Bill requiring sex-ed classes to teach abstinence until marriage clears first committee; critics want comprehensive curriculum

A bill requiring sex education classes in Kentucky to include abstinence until marriage passed out of a Senate committee, despite the pleas of four women who urged the legislators to create a more comprehensive bill.

Atherton High School senior Sophia Letson-Ettin told the Education Committee Jan. 11 that she had no objections to abstinence and monogamy being part of the curriculum, but said it should also be required to include discussions about sexual abuse, consent, contraception and healthy relationships, Deborah Yetter reports for the Courier Journal.

"I hope you will join us in support of a comprehensive sex education program," said Letson-Ettin, 18.

Sen. Steve Meredith
The bill, sponsored by Sen. Stephen Meredith, a Leitchfield Republican, says that sex education classes in Kentucky would be required to teach: "Abstinence from sexual activity outside of marriage is the expected standard for all school-age children."

Meredith argued that his bill does not say schools can't teach a comprehensive sex-ed program, only that it must teach this component. The bill passed on a 7-2 vote, with seven men on the committee voting for it.

The only woman at the hearing, Sen. Julie Raque Adams, R-Louisville, voted no. She said after the meeting that she had been assured that abstinence was already being taught in these classes.

Sen. Reginald Thomas, D-Lexington, voted no, and said a better bill would be one that offers a comprehensive set of sex-ed guidelines for the state. Sen. Gerald Neal, D-Louisville, passed, saying the panel needed more information about the current requirements and what is already being taught.

State law currently has no requirements for sex education, and curriculum on the topic is determined by each school-based decision-making council. A representative from the state Department of Education told the committee that it is working on guidelines for such classes.

Sen. Danny Carroll, a Paducah Republican who voted for the bill, said teaching abstinence and monogamy until marriage is important, "arguing that societies that don't set standards are doomed to fail," Yetter reports.

Critics of the bill said it doesn't take into account the realities of modern society.
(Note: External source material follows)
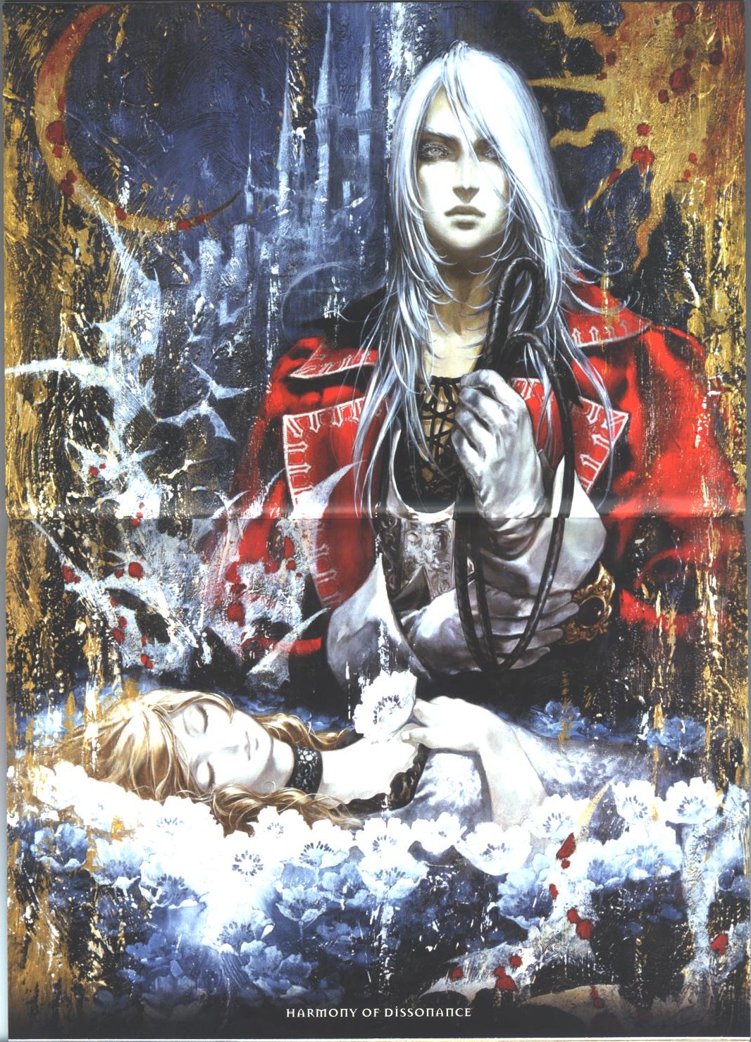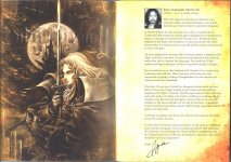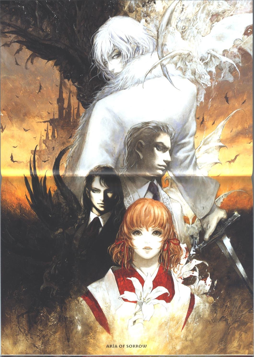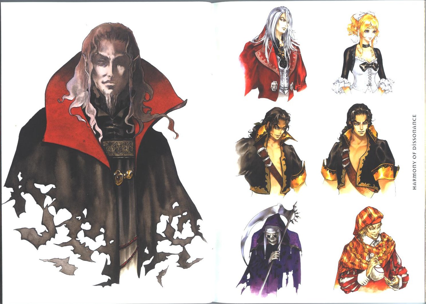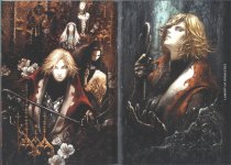 Like the music CD, the forty-four page art book covers all games ranging from Castlevania to Portrait of Ruin. Included, too, are profiles and thoughts of the Big 3: Producer and director Koji Igarashi, music and sound composer Michiru Yamane, and artist/character designer Ayami Kojima. Since the files are so large, they are listed on this page as thumbnails (sans covers); to see a full image, click on any thumbnail.

Sara Choate, a Louisville sex educator who works with students, pointed out that most high-school students have had sexual relations by their senior year, and many have been sexually abused, Yetter reports: "Lecturing them to abstain from sex does not provide the help or information they need, she said."

Rev. Lauren Jones Mayfield, a pastor at Highlands Baptist Church in Louisville, added that the bill doesn't account for people with different faiths and sexual orientations or those who have different views about sex outside of marriage. "This assumes sex is between a married man and woman in a Christian home," she said.

Several foes of the bill noted that efforts to promote abstinence and monogamy often end up shaming or blaming women for engaging in sex, without the same consequences for their male partners.

Men on the committee said the bill was not intended to shame anyone. Mayfield said this concern is likely something the men on the panel don't understand.

"As four women sitting here saying shame is very much a part of this, you as men are so confident saying that's not the intent," she said, drawing applause from the audience. "I feel like our realities are different from yours because that hasn't been your experience."